So do what you want, and have him trimmed the way you like it best!


----------



## atsilvers27 (Jul 5, 2011)

Do not say "fall" to a groomer for a Havanese. A fall is what a wheaten terrier and Kerry blue terrier have, where basically the hair between the eyes is left to grow out and onto the bridge of the nose, and there are side cuts so the dog can kind of see. Better to say leave long bangs to..
Specify to where. That is like telling the groomer you want your dog to have a "clean face", the groomer will shave the face like a poodle. Most groomers will get it if you dont really mean the technical grooming terminology, but you never know. For a groomer that you've never used, you kind of have to treat it like "how to groom my dog for dummies."


----------



## nemo_astro (Jun 15, 2013)

Thanks so much everyone! I've started trimming (or not trimming) my little guy's eyebrows myself. He's a very good boy and stands still anyway, so why not? I have some blunt nose scissors, and so far so good, and investing in some thinning scissors sounds like a good idea. 
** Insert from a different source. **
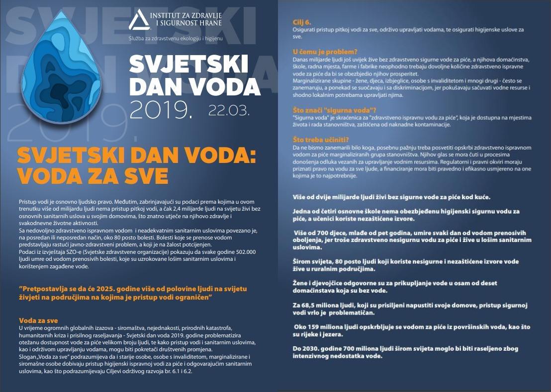 Institut za zdravlje i sigurnost hrane Zenica i njegova Služba za zdravstvenu ekologiju i higijenu tradicionalno obilježavaju Međunarodni Dan voda seminarom, čija tema ove godine je bila “Zdravstveni rizici dvojnog napajanja kućnih vodovodnih instalacija”.

This was my first post, and you all made me feel so welcome-thanks!


----------



## Pucks104 (Aug 16, 2012)

Welcome to the forum. We'd love a picture of your little fellow!


----------



## Diann (Apr 25, 2011)

Okay. I have a stupid question. Where are the "eyebrows"? I know....above the eyes, but how do I tell the eyebrows from the bangs from the rest of the hair on her head? 

I've been trying for EVER to grow Lucy's head/face hair out after a very bad attempt to obtain the spiky look talked about on this forum. There seems to be a row of hair that I have to add a tiny bit of vasoline to in order to get it to somewhat lay over to the sides of her face. Are those her eyebrows?


----------